◆ Task instructions
Copy out precisely the lines from the start of the data through the line with "機票:價格最高點在9月30日", and keep pictures out of it.

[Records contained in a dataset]

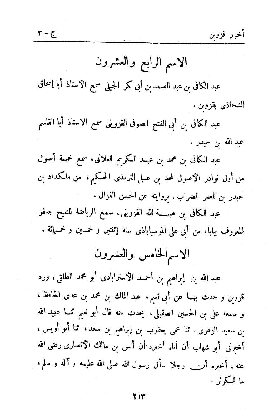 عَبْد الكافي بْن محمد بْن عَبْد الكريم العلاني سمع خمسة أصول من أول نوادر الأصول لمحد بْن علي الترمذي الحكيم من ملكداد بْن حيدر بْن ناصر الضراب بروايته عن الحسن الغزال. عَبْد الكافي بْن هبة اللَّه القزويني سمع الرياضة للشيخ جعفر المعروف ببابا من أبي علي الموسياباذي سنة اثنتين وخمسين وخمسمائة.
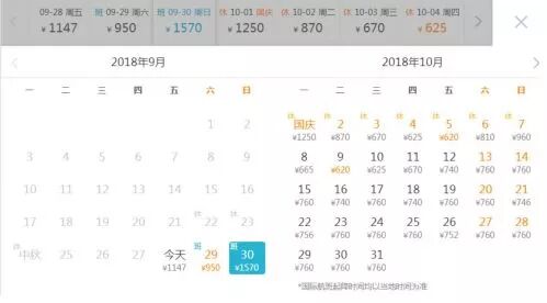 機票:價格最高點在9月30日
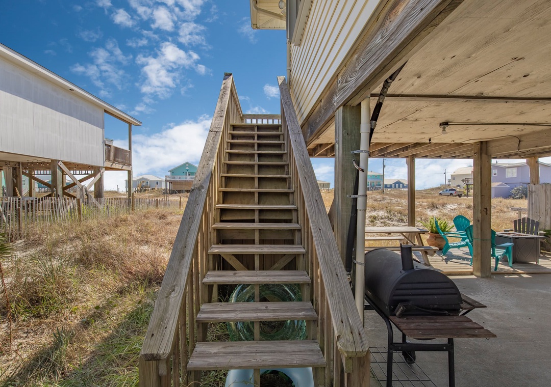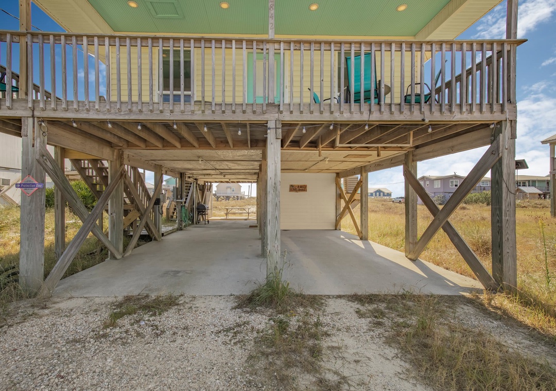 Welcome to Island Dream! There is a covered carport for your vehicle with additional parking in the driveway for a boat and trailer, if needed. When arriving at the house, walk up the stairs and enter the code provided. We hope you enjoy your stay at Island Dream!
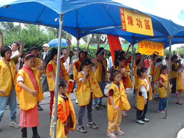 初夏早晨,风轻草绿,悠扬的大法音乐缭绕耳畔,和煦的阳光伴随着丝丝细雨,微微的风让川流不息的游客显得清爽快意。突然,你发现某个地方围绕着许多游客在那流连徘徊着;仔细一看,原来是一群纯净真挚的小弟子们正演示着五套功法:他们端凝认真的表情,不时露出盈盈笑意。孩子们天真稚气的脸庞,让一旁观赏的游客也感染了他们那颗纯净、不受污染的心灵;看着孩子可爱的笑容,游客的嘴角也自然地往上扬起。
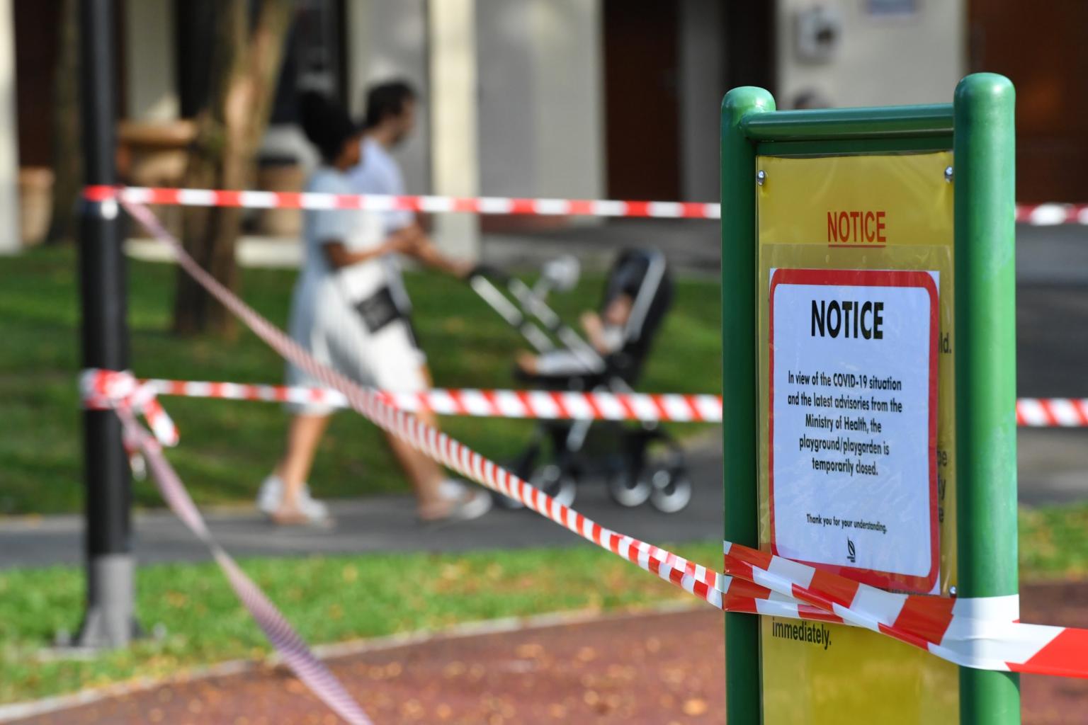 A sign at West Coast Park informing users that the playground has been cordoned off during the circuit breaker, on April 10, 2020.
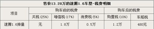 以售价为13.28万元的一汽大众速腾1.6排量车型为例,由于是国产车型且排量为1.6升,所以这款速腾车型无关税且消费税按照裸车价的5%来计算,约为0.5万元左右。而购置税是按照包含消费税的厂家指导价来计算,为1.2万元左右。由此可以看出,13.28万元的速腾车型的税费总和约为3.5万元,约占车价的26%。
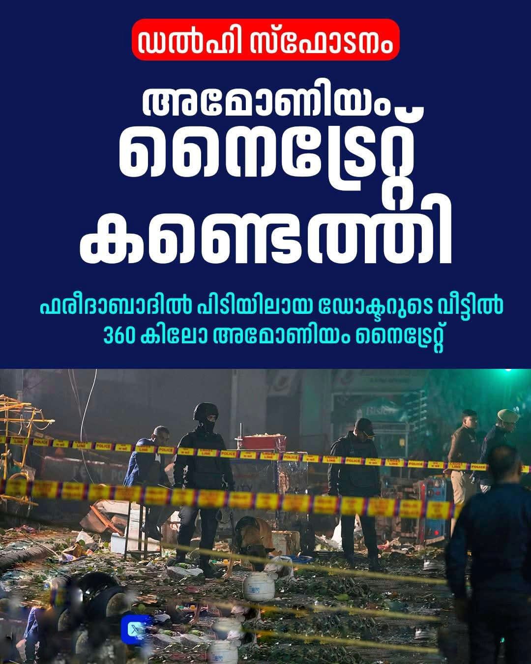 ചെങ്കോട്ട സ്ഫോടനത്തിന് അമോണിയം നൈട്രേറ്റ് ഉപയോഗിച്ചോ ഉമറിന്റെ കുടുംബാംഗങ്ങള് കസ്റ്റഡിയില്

◆ Written solution
 عَبْد الكافي بْن محمد بْن عَبْد الكريم العلاني سمع خمسة أصول من أول نوادر الأصول لمحد بْن علي الترمذي الحكيم من ملكداد بْن حيدر بْن ناصر الضراب بروايته عن الحسن الغزال. عَبْد الكافي بْن هبة اللَّه القزويني سمع الرياضة للشيخ جعفر المعروف ببابا من أبي علي الموسياباذي سنة اثنتين وخمسين وخمسمائة.
 機票:價格最高點在9月30日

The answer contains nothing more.